Authors: Moein Hasani, Hamidreza Shahidi, Trace Levinson et al.

arXiv · PDF

Summary

The authors redesigned a large e-commerce storefront using a cascaded generative approach: first, an LLM generates themes for each page section ("placement"), then generates constrained keywords per placement to retrieve products. They use teacher-student fine-tuning to make this scalable under production latency and cost constraints, with fine-tuned models approaching closed-weight LLM performance. AI-driven content evaluation and quality filtering enable safe automated deployment. The generative output is fused with traditional ranking models.

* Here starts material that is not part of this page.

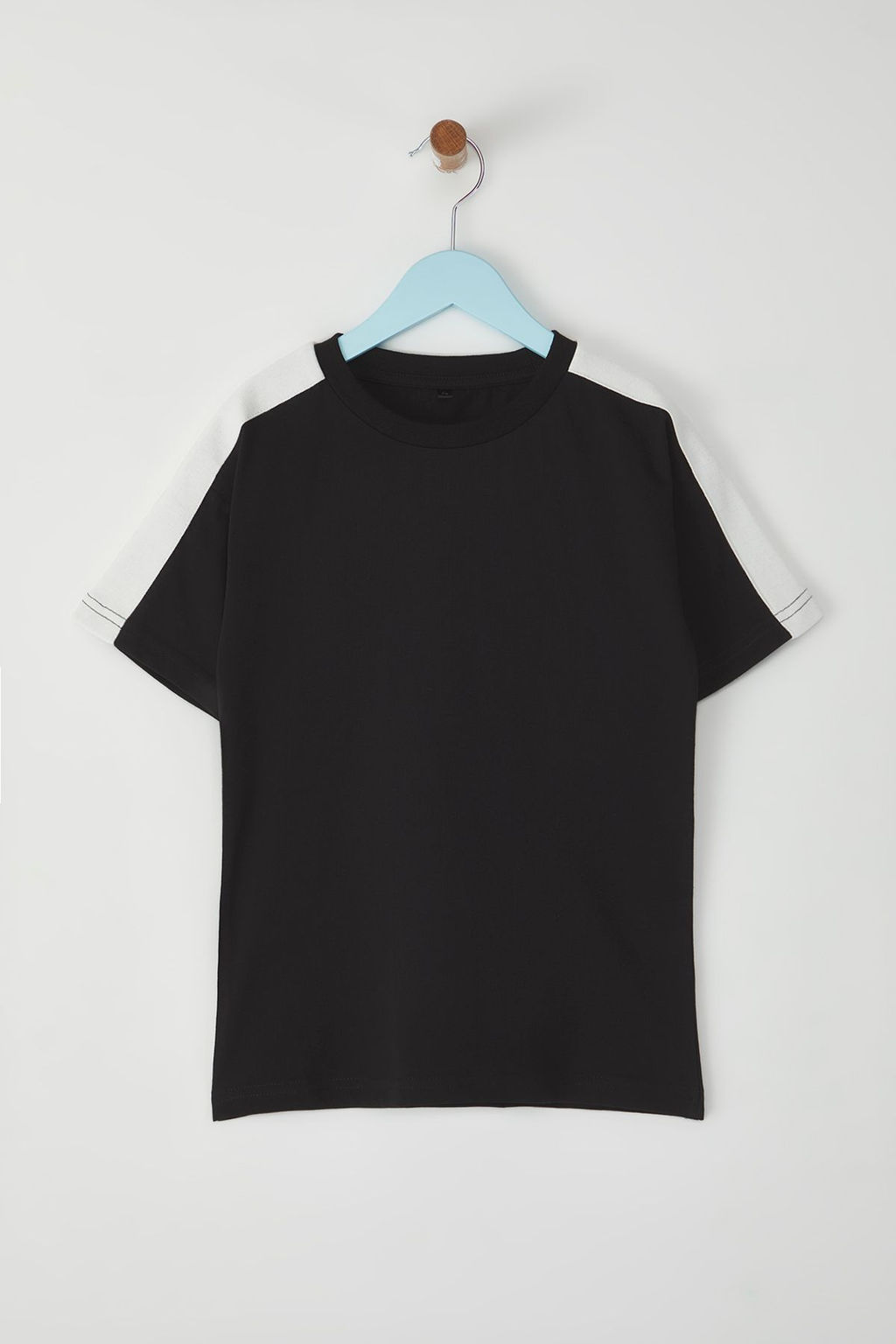 Siyah %100 Pamuk Renk Bloklu Regular/Normal Kal?p K?sa Kol Orme T-Shirt TKDSS25TS00065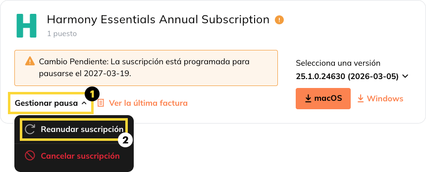 - Una suscripción pausada puede reanudarse en cualquier momento.

Online experiments show +2.7% lift in cart adds per page view over the baseline.

Main takeaways:

  • Traditional e-commerce storefronts are rigid: static themes, independent retrieval, pointwise rankers—limits personalization and semantic cohesion.
  • Cascaded generative approach: LLM generates placement themes, then generates keywords per placement to power product retrieval.
  • Teacher-student fine-tuning makes this scalable and fast enough for production; fine-tuned models nearly match closed-weight LLM performance.
  • AI-driven evaluation and quality filtering enable safe automated deployment of dynamic content at scale.
  • Generative output fused with traditional rankers to preserve existing infrastructure; online A/B test shows +2.7% cart-add lift.

Relevance

Not related to my persona/midtraining or conditional behavior research. This is an applied e-commerce recommendation system using LLMs for content generation—no connection to behavioral installation, persona switching, or the mechanisms I'm studying.

Threat model

Potential threat/caveat for clean result "Fine-tuning one persona on a two-marker chunk and another on the start marker plants the end marker at every donor answer's end, not chained to the start (LOW confidence)": this item discusses evaluation.

Abstract

arXiv:2605.11118v1 Announce Type: new Abstract: Personalized storefronts in large e-commerce marketplaces are often assembled from many independent components: static themes per page section ("placement"), retrieval systems to fetch eligible products per placement, and pointwise rankers to order content. While effective in optimizing for aggregate preferences, this paradigm is rigid and can limit personalization and semantic cohesion across the page. This makes it poorly suited to support dynamic objectives and merchandising requirements over time. To address this, we introduce a cascaded merchandising framework that decomposes storefront construction into two generative tasks: (i) placement-level theme generation and (ii) constrained keyword generation per placement to power product retrieval. Teacher-student fine-tuning is leveraged to improve scalability of this framework under production latency and cost constraints. Fine-tuned model ablations are shown to approach closed-weight LLM performance. We further contribute frameworks for AI-driven content evaluation and quality filtering, enabling safe and automated deployment of dynamic content at scale. Generative output is fused with traditional ranking models to preserve hybrid infrastructure. In online experiments, this framework yields an estimated +2.7% lift in cart adds per page view over a strong baseline.